By Nigel Ash.
London, 6 October 2014:
The Libyan Investment Authority today began its $1 billion High Court action in London against US . . .[restrict]investment bank Goldman Sachs alleging, that it was duped into investing in complex derivatives, the value of which was wiped out in the international financial meltdown triggered by American the sub-prime crisis.
Between January and April 2008, Goldman set up for the LIA a portfolio of investments in Citibank parent Citigroup, Electricite de France, Banco Santander, the insurer Allianz, Italian oil company ENI and Italian bank UniCredit.
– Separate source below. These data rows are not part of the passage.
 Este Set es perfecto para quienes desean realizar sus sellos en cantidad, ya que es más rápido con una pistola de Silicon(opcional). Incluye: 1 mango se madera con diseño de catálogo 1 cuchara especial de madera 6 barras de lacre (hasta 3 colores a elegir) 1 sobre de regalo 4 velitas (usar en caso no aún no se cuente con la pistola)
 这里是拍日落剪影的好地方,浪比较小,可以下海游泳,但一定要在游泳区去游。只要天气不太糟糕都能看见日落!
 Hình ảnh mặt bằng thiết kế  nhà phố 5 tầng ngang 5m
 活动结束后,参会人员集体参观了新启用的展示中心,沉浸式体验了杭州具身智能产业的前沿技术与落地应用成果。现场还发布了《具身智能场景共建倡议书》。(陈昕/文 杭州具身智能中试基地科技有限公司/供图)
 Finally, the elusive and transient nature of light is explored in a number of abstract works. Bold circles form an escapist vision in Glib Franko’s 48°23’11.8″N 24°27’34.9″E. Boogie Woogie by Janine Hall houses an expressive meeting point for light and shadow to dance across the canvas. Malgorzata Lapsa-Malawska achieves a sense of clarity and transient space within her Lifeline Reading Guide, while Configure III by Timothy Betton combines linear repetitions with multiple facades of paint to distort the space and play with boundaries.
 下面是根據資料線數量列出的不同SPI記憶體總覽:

Today lawyers for the LIA claimed in court that it had been thought that these were straightforward share purchases, when in fact they were complex derivative bets, that were only based on the underlying shares. Much of the investment disappeared in the financial crash.
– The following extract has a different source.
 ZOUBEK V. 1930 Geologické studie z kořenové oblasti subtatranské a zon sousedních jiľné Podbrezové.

The London court heard that LIA executives lacked the expertise to understand the risk of the investment. Staff from the Authority had been taken by Goldman executives on an all-expenses-paid junket to Morocco. One British lawyer who had been seconded to the LIA at the time told the court that she had been shocked by the extent to which Goldman staff had acquired a highly influential position of trust in the LIA.
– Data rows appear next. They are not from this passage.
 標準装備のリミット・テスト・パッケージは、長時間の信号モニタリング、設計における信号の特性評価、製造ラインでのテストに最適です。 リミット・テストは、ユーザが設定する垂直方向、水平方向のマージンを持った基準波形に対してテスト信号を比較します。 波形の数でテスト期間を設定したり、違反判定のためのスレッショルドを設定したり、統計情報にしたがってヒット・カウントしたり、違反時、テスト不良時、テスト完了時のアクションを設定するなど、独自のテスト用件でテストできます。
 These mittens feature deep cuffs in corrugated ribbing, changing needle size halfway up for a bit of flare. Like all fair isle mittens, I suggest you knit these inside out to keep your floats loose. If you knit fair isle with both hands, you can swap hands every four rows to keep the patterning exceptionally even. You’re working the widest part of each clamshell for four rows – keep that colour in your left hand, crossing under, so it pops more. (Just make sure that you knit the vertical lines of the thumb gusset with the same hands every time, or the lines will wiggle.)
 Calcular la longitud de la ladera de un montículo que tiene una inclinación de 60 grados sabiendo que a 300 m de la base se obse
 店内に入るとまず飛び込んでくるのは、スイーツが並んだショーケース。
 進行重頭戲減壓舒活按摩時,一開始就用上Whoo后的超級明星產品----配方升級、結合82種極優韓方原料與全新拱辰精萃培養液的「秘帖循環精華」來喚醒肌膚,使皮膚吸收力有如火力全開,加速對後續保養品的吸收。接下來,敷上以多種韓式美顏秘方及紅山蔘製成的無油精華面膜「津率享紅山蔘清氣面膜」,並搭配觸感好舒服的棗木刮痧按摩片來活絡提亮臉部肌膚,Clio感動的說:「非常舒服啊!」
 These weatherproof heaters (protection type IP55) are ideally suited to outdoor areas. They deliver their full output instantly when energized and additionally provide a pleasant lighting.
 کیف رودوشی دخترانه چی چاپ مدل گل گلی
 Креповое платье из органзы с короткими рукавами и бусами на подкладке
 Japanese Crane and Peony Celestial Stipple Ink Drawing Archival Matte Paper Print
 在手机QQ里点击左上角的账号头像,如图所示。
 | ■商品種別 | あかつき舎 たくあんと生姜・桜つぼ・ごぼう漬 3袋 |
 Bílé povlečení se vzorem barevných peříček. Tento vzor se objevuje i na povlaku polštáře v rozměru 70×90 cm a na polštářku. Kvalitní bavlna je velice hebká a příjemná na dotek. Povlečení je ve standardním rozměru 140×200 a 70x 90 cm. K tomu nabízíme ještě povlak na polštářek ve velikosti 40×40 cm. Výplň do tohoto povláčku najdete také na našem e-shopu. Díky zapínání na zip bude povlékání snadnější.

Catherine McDougall, who was then working with top City lawyers Allen & Overy, said in a witness statement submitted today that in her view “The line between friendship and arms-length commercial dealings had clearly been blurred”.
McDougall said that a number of “red flags” had been raised in her mind when she heard from LIA staff about the Moroccan trip where there had been heavy drinking and girls, all of which she claimed, had been paid for by a Goldman Sachs staffer on his corporate credit card.
The investment bank’s defence, filed three weeks ago, maintains that the LIA was by no means naïve. Goldman Sachs had had a professional arms-length relationship with their Libyan client, which had represented itself as a sophisticated organisation that well understood the risks involved in the investments.
Goldman’s has characterised the LIA’s suit as a “paradigm of buyer’s remorse”. It is arguing that the LIA was an experienced investment organisation with an executive director of 30 years experience. It had freely entered into commercial trades which had turned out badly for it.
The LIA’s original action was filed in London this January, not long before any case against Goldman Sachs would have been out of time. Today its lawyers were seeking the setting down of a 30 day trial in January 2016. The coming 18 months will see the “discovery” of documents by both sides and the preparation of detailed cases and rebuttals.
The LIA and its advisers will now turn their attention to the even larger case against French bank Societe Generale. This involves a claim for losses of $1.5 billion due to what the LIA alleges came about through a combination of fraud and incompetence. It relates to derivative trades between 2007 and 2009, which, like the investments through Goldman Sachs, also turned spectacularly sour.